Tuesday, January 10, 2006

If I teach you poorly, how well are you going to teach?

The first session Makigirl and I went to was the yearly session on how to improve introductory astronomy.

Well, first we had to register. I didn't much enjoy that. Standing in line with a bunch of astronomers makes me very nervous. My tolerance for eccentricity is low, particularly when I'm with astronomers. I guess that I've always been worried that I'm one of them. I am, unfortunately, even if I don't wear t-shirts with astronomical cartoons on it. I also wasn't looking forward to running into people I used to know, and I was very glad that I didn't.

Never the less, I survived and went to the session. It's supposed to be a yearly continuing dialog where all of those people who are interested in improving the way that non-scientists learn about science (through the astronomy intro class) are able to get together and share ideas. That's why the session is on Sunday afternoon before the majority of the attendee's get there. That's why about 50 people show up to a session of about 3100 registered participants. That's why astronomy education never changes. But still, I've been to several good sessions in the past. Typically they focus on one topic out of the myrriad in astronomy education. One year focused on pre-service teachers in intro astronomy. One year was on technology. One year was on active learning techniques.

This year was on, well, it was on what one guy who got suckered into running the session was able to come up with in the 30 minutes after he found out he was running the session. Ostensibly, it was on how the teaching of "science" is done in an astronomy class (as opposed to astronomy concepts), and how we should respond to the intelligent design and creationist types.

We did alot of free form talking without much direction, but there were some interesting things I learned from the session.

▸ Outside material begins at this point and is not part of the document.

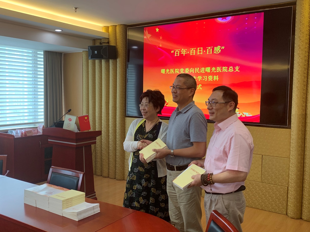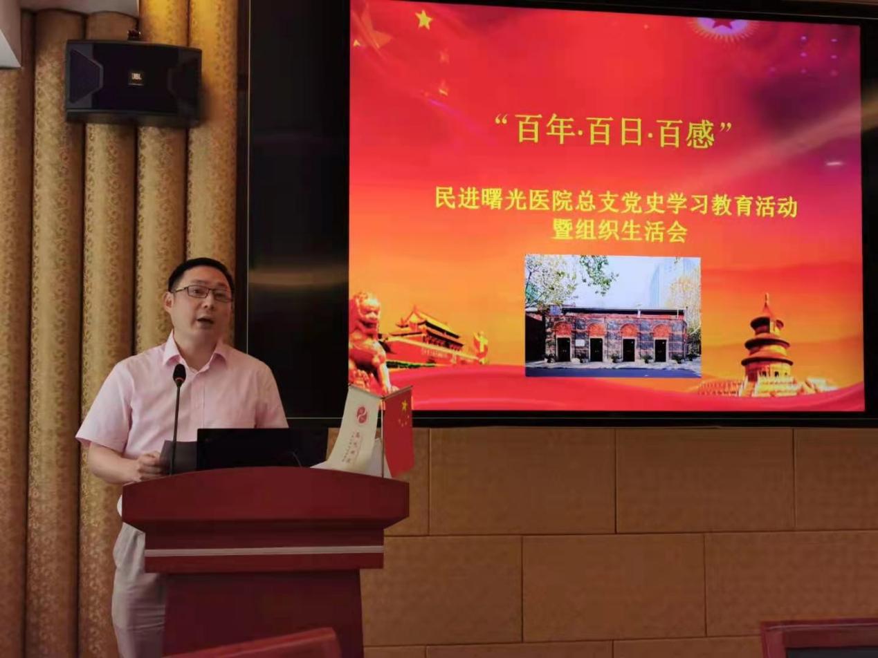 为贯彻落实习近平总书记在党史学习教育动员大会上强调的学党史、悟思想、办实事、开新局的指示和中共中央办公厅《关于在全社会开展党史、新中国史、改革开放史、社会主义发展史宣传教育的通知》文件精神,传承红色基因,夯实政治基础,6月30日,民进曙光医院总支举行“百年·百日·百感”党史学习感悟活动。beat365官网附属曙光医院党委书记马俊坚,民进上海市委员会医药卫生专委会副主委叶伟成,民进上中医委员会副主委沈卫东、老领导蒋有倩和殷岫绮等,以及民进曙光医院总支部分成员出席会议。曙光医院组织统战部部长练慧及医院其他民主党派负责人和骨干到会。会议由民进曙光医院总支主委何峥主持。

-Even among people who are interested enough in the teaching of astronomy to come to this session, there is very little knowledge of the pseudo-science that exists out there. Most of the professors had a very limited understanding of creationist and ID claims, and even fewer felt comfortable responding to those claims. Largely this is a function of subject matter. Most ID/creationist claims happen in the biological world, and revolve around genetics and bio-chemistry. We aren't taught a whole lot of that in grad school. Still, most ID claims aren't that well thought out, and a only a fairly basic understanding of biology is necessary (as well as a good grasp of google). It seems that a basic evo-bio session would be a good thing to do in future AAS meetings.

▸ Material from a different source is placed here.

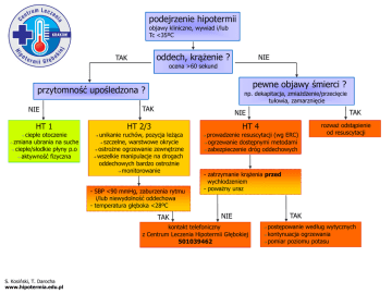 podejrzenie hipotermii objawy kliniczne, wywiad i/lub Tc <35ºC oddech, krążenie ? TAK NIE ocena >60 sekund pewne objawy śmierci ? przytomność upośledzona ? np. dekapitacja, zmiażdżenie/przecięcie tułowia, zamarznięcie TAK NIE HT 1 HT 2/3 ciepłe otoczenie ➔ zmiana ubrania na suche ➔ ciepłe/słodkie płyny p.o ➔ aktywność fizyczna unikanie ruchów, pozycja leżąca ➔ szczelne, warstwowe okrycie ➔ ostrożne ogrzewanie zewnętrzne ➔ wszelkie manipulacje na drogach oddechowych bardzo ostrożnie ➔ monitorowanie ➔ HT 4 ➔ - SBP <90 mmHg, zaburzenia rytmu i/lub niewydolność oddechowa - temperatura głęboka <28ºC TAK prowadzenie resuscytacji (wg ERC) ➔ ogrzewanie dostępnymi metodami ➔ zabezpieczenie dróg oddechowych ➔ rozważ odstąpienie od resuscytacji - zatrzymanie krążenia przed wychłodzeniem - poważny uraz TAK NIE kontakt telefoniczny z Centrum Leczenia Hipotermii Głębokiej 501039462 S. Kosiński, T. Darocha www.hipotermia.edu.pl TAK NIE postępowanie według wytycznych kontynuacja ogrzewania ➔ pomiar poziomu potasu ➔ ➔ TELEFON ALARMOWY CENTRUM LECZENIA HIPOTERMII GŁĘBOKIEJ dla województwa małopolskiego możliwość wdrożenia leczenia pozaustrojowego TEL. 501 039 462 Krakowski Szpital Specjalistyczny im. Jana Pawła II, ul. Prądnicka 80; 31-207 Kraków www.hipotermia.edu.pl

-Astro professors are very mushy when it comes to dealing with ID/creationist students. There weren't many PZ Myers or Dawkins in this session, at least. Is that based on belief of teaching method, or lack of exposure to a more strident style? Which is truely better in an educational setting?

-Creationist claims about astronomy are limited. No one really seems to no of any arguments. Is this because astronomy is too hard for the IDers? I think I might spend some time catologing these in the near future.

-Many new astronomy professors need good professional development and mentoring as they begin teaching, and they aren't getting it.

-Makigirl teaches a hell of a class, compared to what goes on in other places. Every time someone got up to say what cool thing they were doing in their class, Makigirl was already doing it. She's the bomb.

Time to go back to the meeting now.


At 10:48 PM, Blogger maki-girl said...

Don't sell yourself short hoagie boy--my class is good because you helped me make it good. But seriously, it is sad if, after teaching astronomy once or twice, my class stacks up well with (or exceeds) "master astronomy" classes.

By the way, I love visiting you and Mrs. H. Thanks for coming to the geek, oops, astronomy conference with me.